“哎呦,你还真打,看来光锁了你的双手不顶用,这双脚倒得用刀子挑了筋去,告诉你,若不是因为少爷怕公子伤心,你这条命早就没了。”
“砰——”的一声响,从两个帐篷之外的一处飞出了一个人来,看样子便是一直在叫骂着的士兵,那飞踹的力道十分之大,随着落下的帐门间隙,白少卿看见了一个熟悉的面孔。
那是——
慕容默?!
白少卿一把揪住了帐门,已经呼之欲出的叫声因骤然惊醒的神智而生生扼住了,他睁大了双眼,想要仔细去看清楚,然那帐门已经落下,再难见其身影。
不会有错,那一定是慕容默,自己与他一同在莫家军长大,就算只是一个背影自己也绝对不会认错,可是,他为何会出现在这里,又怎会落入了武飞云手中?心中有太多的疑问,可是自己却无法靠近那营帐,否则定会引起他人注意。为今之计,只有耐心等待,等着方文正回来让他去一探究竟!
“回来了。”语气很淡很轻,便仿佛那人的来去根本不是什么大问题,武飞云低头抿着茶,然后唇角一扬,露出了一丝笑意。
双眸抬起,那微微眯起的眼中带着探寻之色,明明做得很明显了,却又似乎不想去逼迫那人回答一般。
“文正私自离开白山,请少爷降罪。”方文正一撂衣摆,上前一步跪在了地上,然后伏下身去,额头触地。
武飞云没有去拉起他,只是将茶杯一放,起身踱了几步,仰头轻声道:“你在怪我。”
“文正不敢。”
“你嘴里说的,跟心里想的……”话语一顿,武飞云不再说下去,只是回头看向了方文正,然后一步步走到了他的面前。
“你跟方冲自小便被我爹爹收养,我还记得当年看见你兄弟俩为了一个馒头被那群小乞丐打得遍体鳞伤,是我让爹爹将你们带回了相国府,为你们疗伤,又让人传授你们武艺。你可还记得当初我对你说过什么。”
“少爷说,要想让别人不再欺负我们,便要努力的向上爬,有朝一日,将他们狠狠的踩在脚下。”
“这个世道便是如此,你若要活,便一定要踩着别人的肩膀往上爬,不择手段,不计后果,方冲的死虽不是孟白炎亲手所为,但是,却与他脱不了干系。白山城破,赫博多大军入境直逼九原,待到九原防线突破,我相国府手中势力便会与之遥相呼应,以燎原之势席卷整个大晋,文正,大好的前程在等着你,你可不要辜负了爹爹跟我多年来的栽培之心。”

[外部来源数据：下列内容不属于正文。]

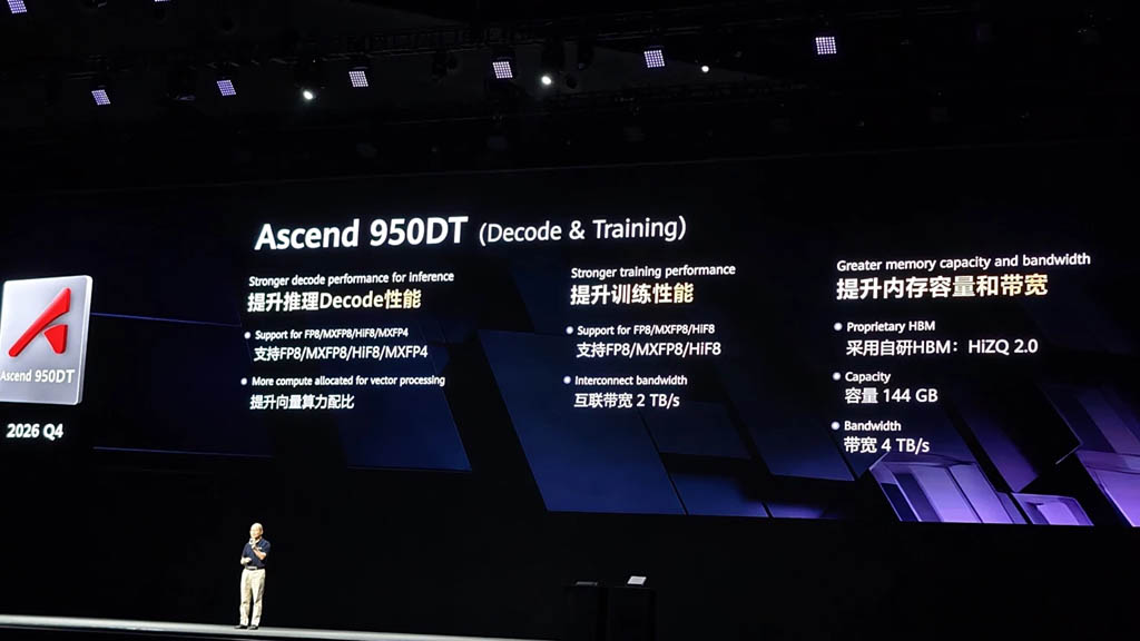 昇腾950DT芯片则专注于增强推理解码能力,在提升训练性能的同时扩大内存容量与带宽。将整个950系列将把AI推理效率推向新高度。

眼中闪过了一丝狡黠,武飞云面带微笑伸手扣住了方文正的肩头,对着他道:“你回来得正好,左隆德一人带兵前往十方我觉得颇为不妥,你准备一下,两日之后,跟他一起走。”
方文正的身子不经意的动了一下,然后双眼一抬,敛目拱手道:“文正听命!”
武飞云醒来的第一件事便是寻找奚昊的身影,或许就连昏迷之中他都在害怕着那人的离去,当看见奚昊趴在床边已经睡着之时,他的心头一暖,禁不住伸出手去,轻轻抚在了奚昊的发间。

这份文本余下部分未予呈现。